Extracted material -
------------

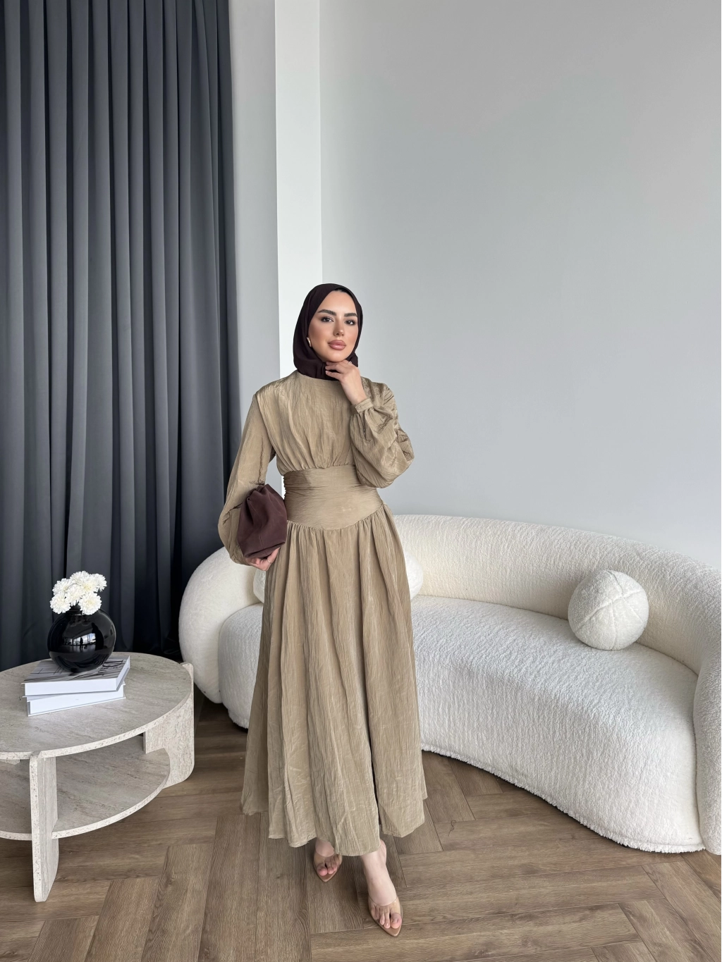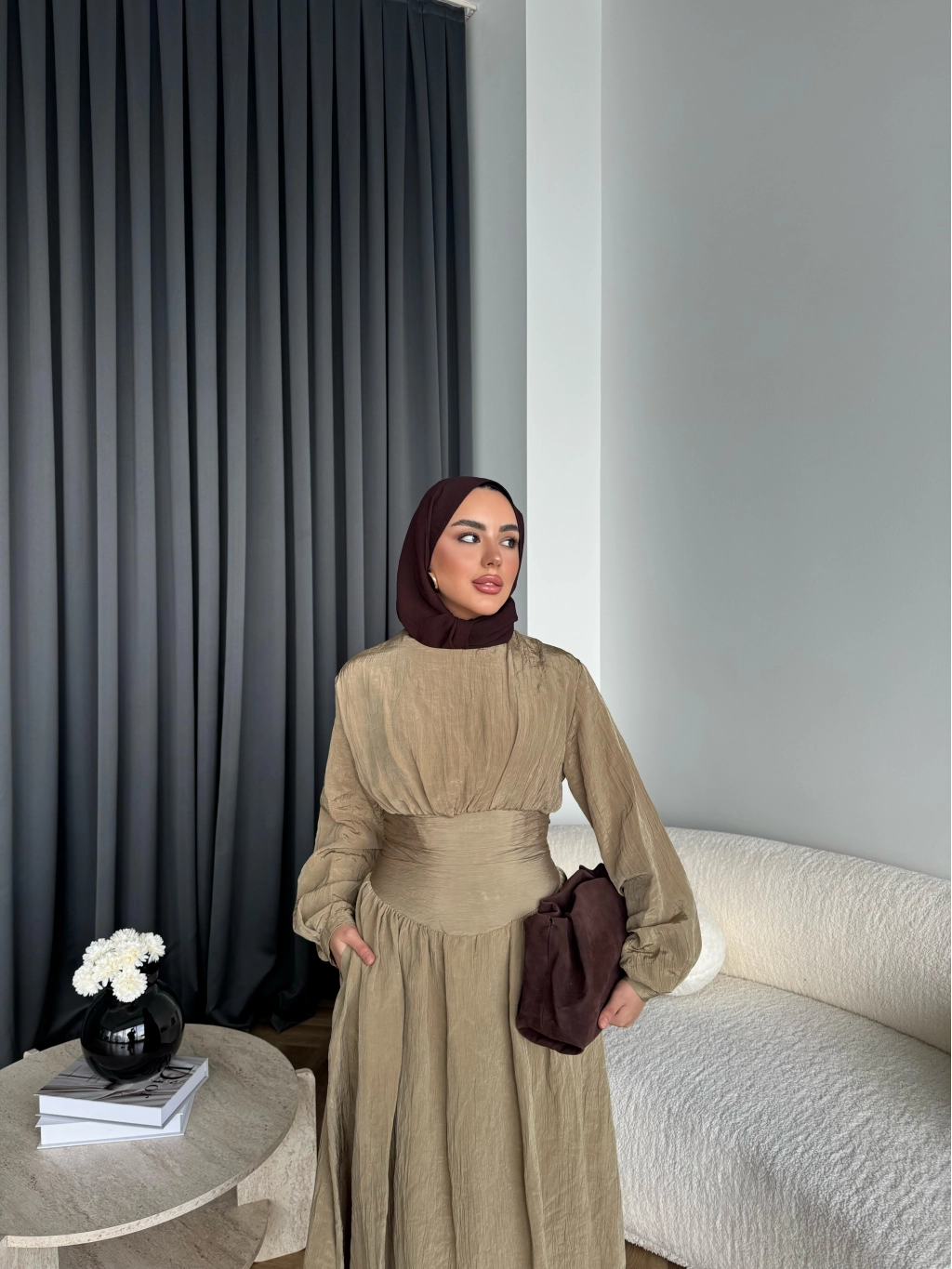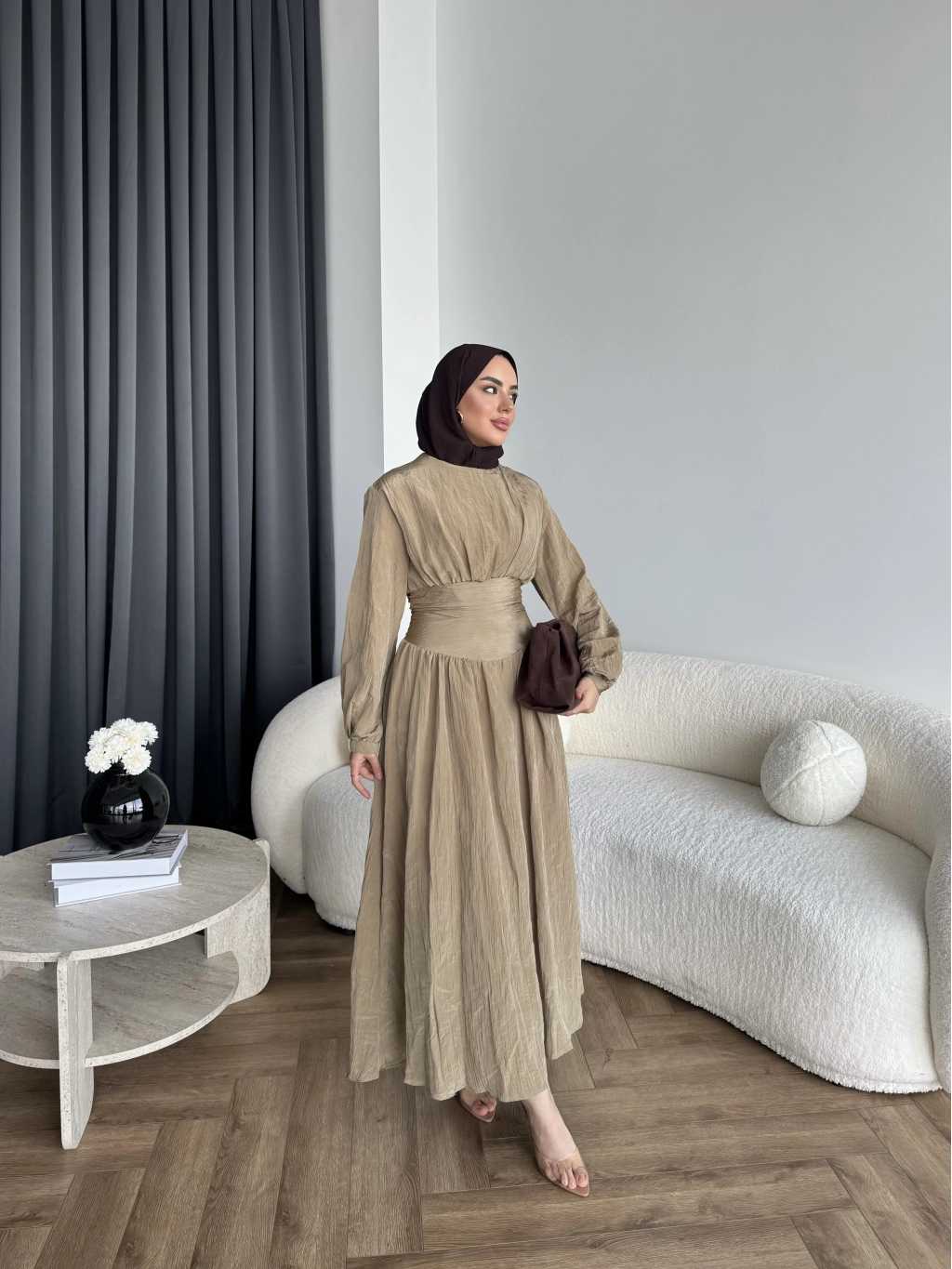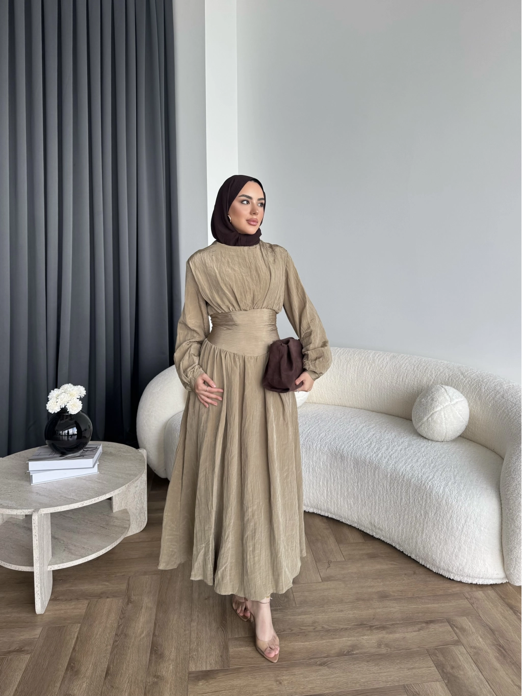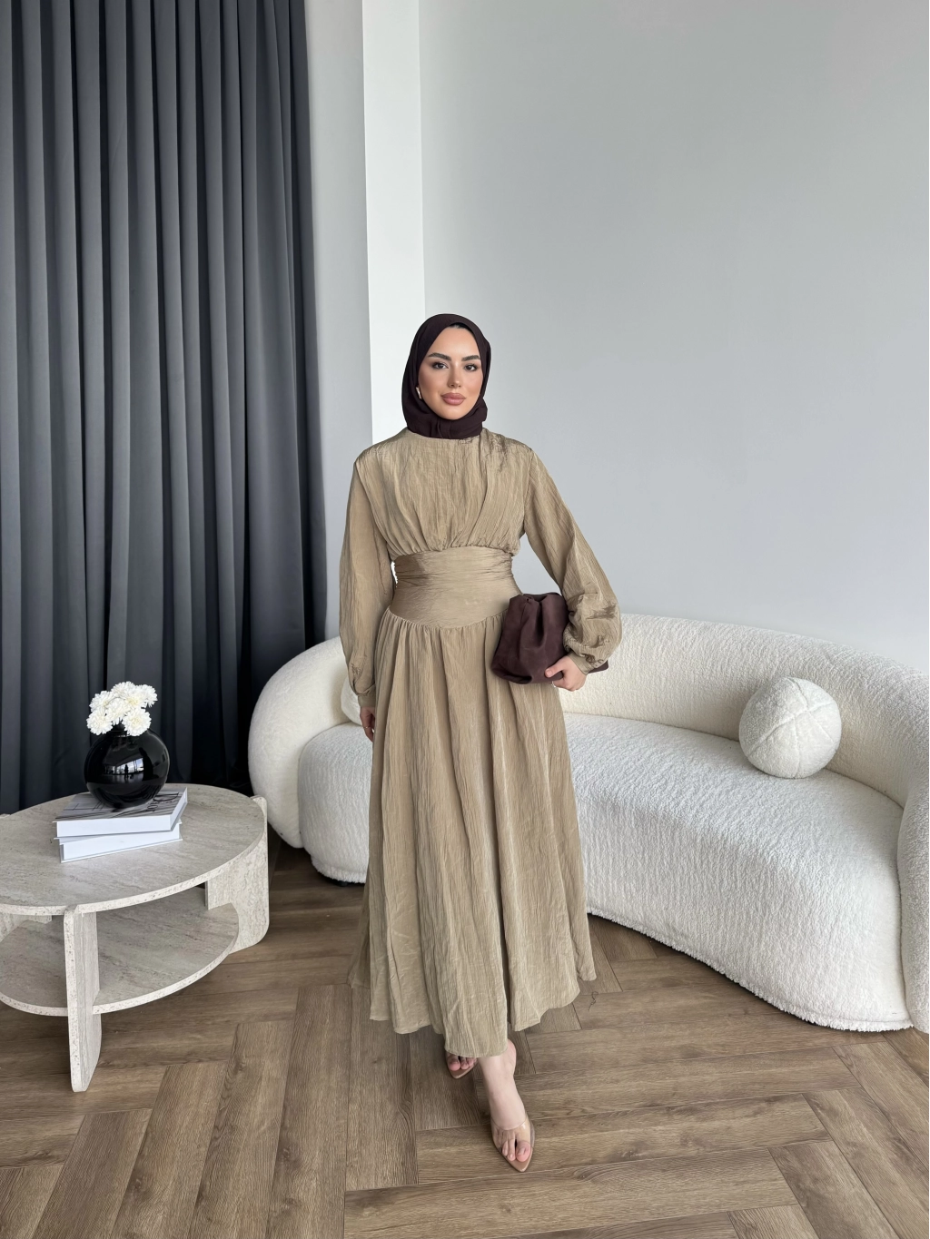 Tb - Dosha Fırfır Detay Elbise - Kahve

------------

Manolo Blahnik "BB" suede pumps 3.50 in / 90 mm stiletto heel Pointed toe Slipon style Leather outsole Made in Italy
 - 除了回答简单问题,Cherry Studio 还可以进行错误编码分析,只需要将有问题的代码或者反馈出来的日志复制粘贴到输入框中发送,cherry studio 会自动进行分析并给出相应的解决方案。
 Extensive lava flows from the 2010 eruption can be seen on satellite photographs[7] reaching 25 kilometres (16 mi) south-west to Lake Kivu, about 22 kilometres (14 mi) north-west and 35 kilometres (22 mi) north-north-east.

------------

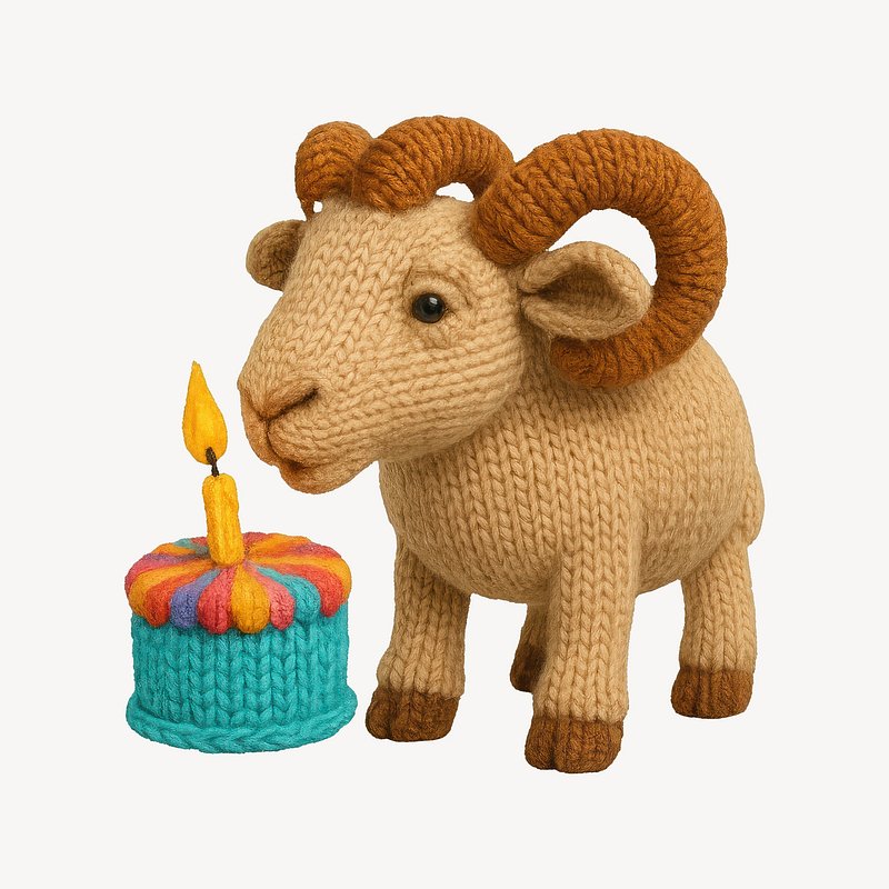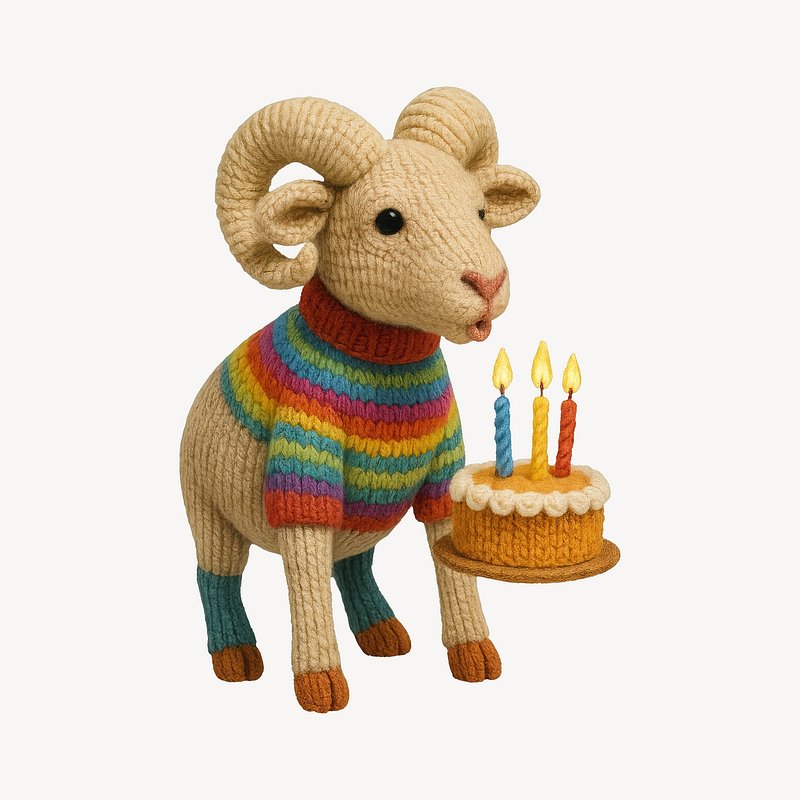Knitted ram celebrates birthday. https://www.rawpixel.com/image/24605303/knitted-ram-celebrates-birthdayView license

------------

Your task -
Taking the lines above, repeat exactly those from the line that contains "- 除了回答简单问题,Cherry Studio" through the line that contains "Extensive lava flows", and both of those lines as well. Include nothing else.

Answer box -
 - 除了回答简单问题,Cherry Studio 还可以进行错误编码分析,只需要将有问题的代码或者反馈出来的日志复制粘贴到输入框中发送,cherry studio 会自动进行分析并给出相应的解决方案。
 Extensive lava flows from the 2010 eruption can be seen on satellite photographs[7] reaching 25 kilometres (16 mi) south-west to Lake Kivu, about 22 kilometres (14 mi) north-west and 35 kilometres (22 mi) north-north-east.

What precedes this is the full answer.